Business
Director Explains AfDB’s Vision
Human Development Director of African Development Bank (AfDB), Agnes Soucat, has said that remittances and microfinance are the two key components of the bank’s inclusive financial services.
“Access to finance is a key component of our new human capital development strategy.
“Increasing opportunities for the poor and marginalised and particularly for the African youth is crucial in order to ensure social inclusion as well as job creation,” Soucat said at one of the seminars at the AFDB, annual general meeting (AGM).
With an estimated Africa’s Diaspora fund of 40 billion dollars annually, 21 .5 billion dollars were remitted to Sub-Saharan Africa in 2011.
Participants at the seminar said remittances not only helped African communities to cope with crisis and lack of economic prospects but also contributed to enterprise development and human capital.
They also said remittances was a major driver in African poverty reduction scheme.
“There is no doubt that remittance inflow has been an important factor in Africa’s economic development, a significant proportion of that is handled by Dahabshiil, an African web-based money transfer system.
“Microfinance initiatives are equally enabling some of Africa’s poorest to plan for the future,” said Abdirashid Duale, the CEO of Dahabshiil.
According him, the share of remittances to GDP has remained stable for the last decade, averaging about 2.4 per cent per annum.

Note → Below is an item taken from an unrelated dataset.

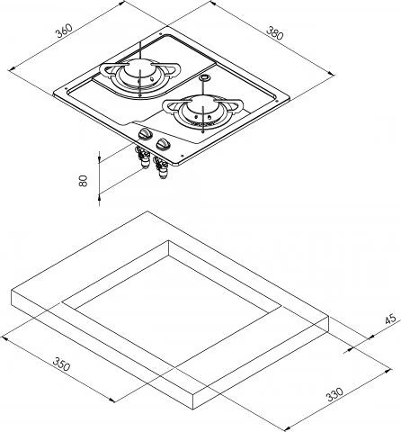 - Brennerleistung: 2 mittlere Brenner a 1900 W

But the World Bank said the effects of the economic crisis and the Arab spring on remittances flows were felt more in Sub-Saharan Africa.
World Bank calculations also showed that remittances flows to Cape Verde, Senegal and Guinea-Bissau are exposed to worsening economies.
Donald Terry, a professor at the Boston School of Law and former Manager of the Multilateral Investment Fund of the Inter-American Development Bank , said: “Access to finance for the vast majority of Africans is an important goal for the AfDB’s drive for more inclusive growth.”